Eventually, it is the collaboration, and work that humans can accomplish together with machines / computers that will create value for everyone. From all I am reading and learning, I do not believe that the current artificial intelligence is close to the capability of having sentience and what we would consider thinking.
Even the highly sophisticated GPT-3, DALL-E 2, or Google’s LaMDA are extremely well adept at very specific tasks - verbal or image processing - yet this is based on internalizing an unimaginable number of words, sentences, and pictures, and evaluating patterns, then applying them to new problems posed to the algorithm. This may give the illusion that there is some “thinking” happening in the background, and provide some sense of sentience. However, this is only an illusion.
Recently, we hear of the Google engineer who claimed LaMDA was sentient. We also saw articles related to Google’s AI passing the famous Touring Imitation Game test. However, I believe that this simply demonstrated that the test, proposed in the 60's, is no longer valid.

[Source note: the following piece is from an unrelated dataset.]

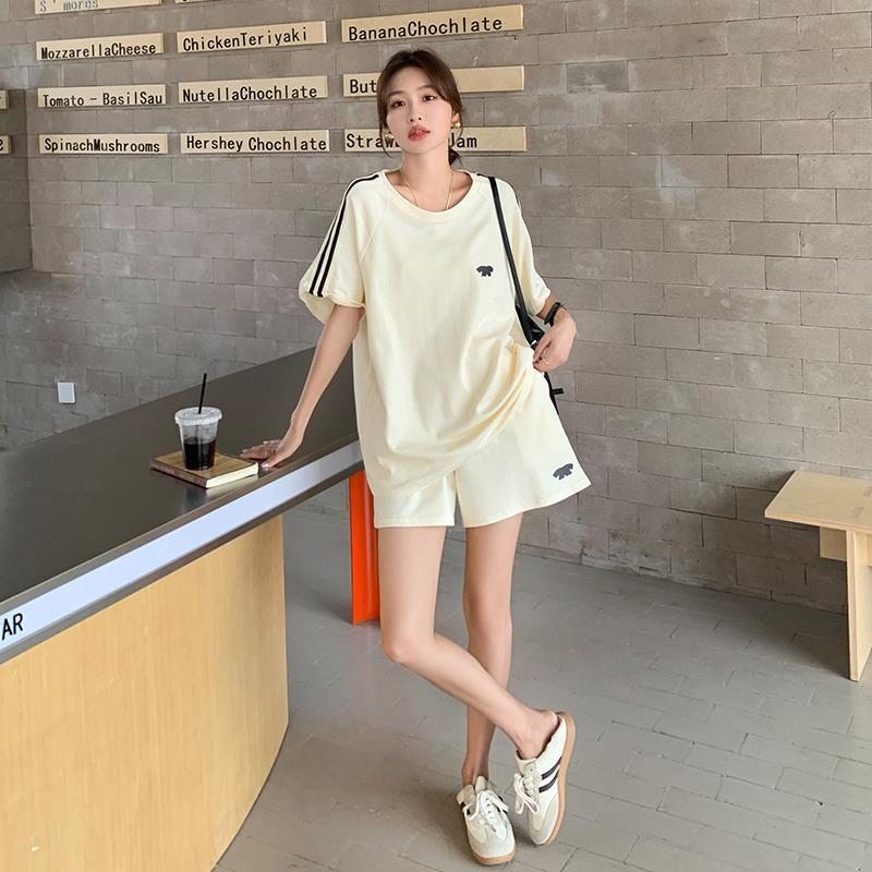 杏色运动休闲套装女新款洋气减龄宽松短袖T恤阔腿短裤两件套

So, we should focus on leveraging the great power and value that our current AI has to offer, while paying attention to the usual MLOps best practices, and paying close attention to maintaining our ability to explain what the AI algorithms are doing - “...with great power comes great responsibility.”?
In the next posts, I intend to delve deeper into the concept of “superminds” and the aspect of model drift that eventually impacts all AI systems.